[THE DATA]
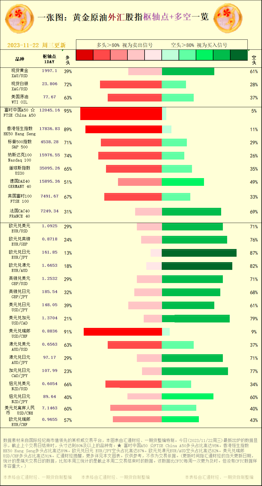 标题:一张图:2023/11/22黄金原油外汇股指"枢纽点+多空占比"一览
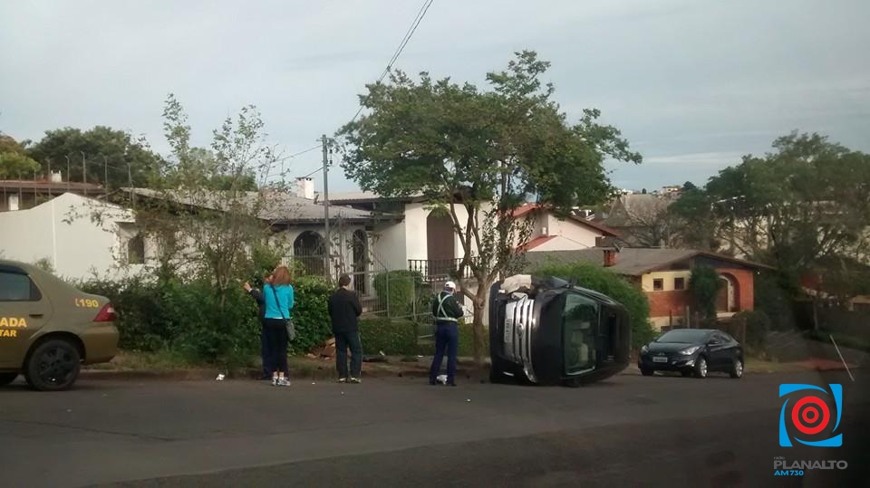 Motorista perde controle na rua Bento Gonçalves em Passo Fundo. Com o impacto do veículo no cordão da calçada a caminhonete acabou tombando. O condutor não ficou ferido e Agentes da Guarda Municipal de Trânsito realizam o registro dos fatos.
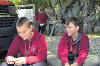 Die Sekundaris der Quantinum sind im Lager, die Primaris haben sturmfrei. Hm, wer weiss, vielleicht ist es ja auch umgekehrt. Auf jeden Fall freuen sich gross und klein über die Abwechslung im Schulalltag. Wenn nur Petrus da oben das auch so sehen würde. Zwei, drei wärmere, sonnige Tage würden die Abwechslung dieser Woche vervollständigen. Man kann nicht alles haben, also stapfen wir im regensicheren Zwiebellook durchs kühle Tobel, am rauschenden Bach vorbei. Hatte der obere Wasserfall jemals so viel Wasser? Wir stehen am Rossbach und bewunderten sein Tosen. Faszinierend, wie schnell Hölzchen und Blätter um die Kurve schiessen. Im warmen Atelier warten schon die gewaschenen «Bollen-Steine» bis sie bemalt werden. Magerquark, heisses Wasser und ein Spezialsalz braucht’s für die farblose Kaseinmasse. Kleine Portionen vermischen wir mit Pigmenten. Bald schon kann’s los gehen. – Zwischenzeitlich, die Farben müs-
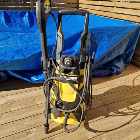 Högtryckstvätten är utrustad med hjul och handtag för enklare förflyttning samt slang och sprutpistol som förvaras på enheten. Lämplig för rengöring av exempelvis uteplats, fordon och trädgårdsutrustning där högtryckstvätt behövs.
[/THE DATA]
**THE PROBLEM:**
Please reproduce, exactly and only, the lines from the line containing "Die Sekundaris der" through the last line of the material above, minus any pictures.

**PROBLEM SOLUTION:**
 Die Sekundaris der Quantinum sind im Lager, die Primaris haben sturmfrei. Hm, wer weiss, vielleicht ist es ja auch umgekehrt. Auf jeden Fall freuen sich gross und klein über die Abwechslung im Schulalltag. Wenn nur Petrus da oben das auch so sehen würde. Zwei, drei wärmere, sonnige Tage würden die Abwechslung dieser Woche vervollständigen. Man kann nicht alles haben, also stapfen wir im regensicheren Zwiebellook durchs kühle Tobel, am rauschenden Bach vorbei. Hatte der obere Wasserfall jemals so viel Wasser? Wir stehen am Rossbach und bewunderten sein Tosen. Faszinierend, wie schnell Hölzchen und Blätter um die Kurve schiessen. Im warmen Atelier warten schon die gewaschenen «Bollen-Steine» bis sie bemalt werden. Magerquark, heisses Wasser und ein Spezialsalz braucht’s für die farblose Kaseinmasse. Kleine Portionen vermischen wir mit Pigmenten. Bald schon kann’s los gehen. – Zwischenzeitlich, die Farben müs-
 Högtryckstvätten är utrustad med hjul och handtag för enklare förflyttning samt slang och sprutpistol som förvaras på enheten. Lämplig för rengöring av exempelvis uteplats, fordon och trädgårdsutrustning där högtryckstvätt behövs.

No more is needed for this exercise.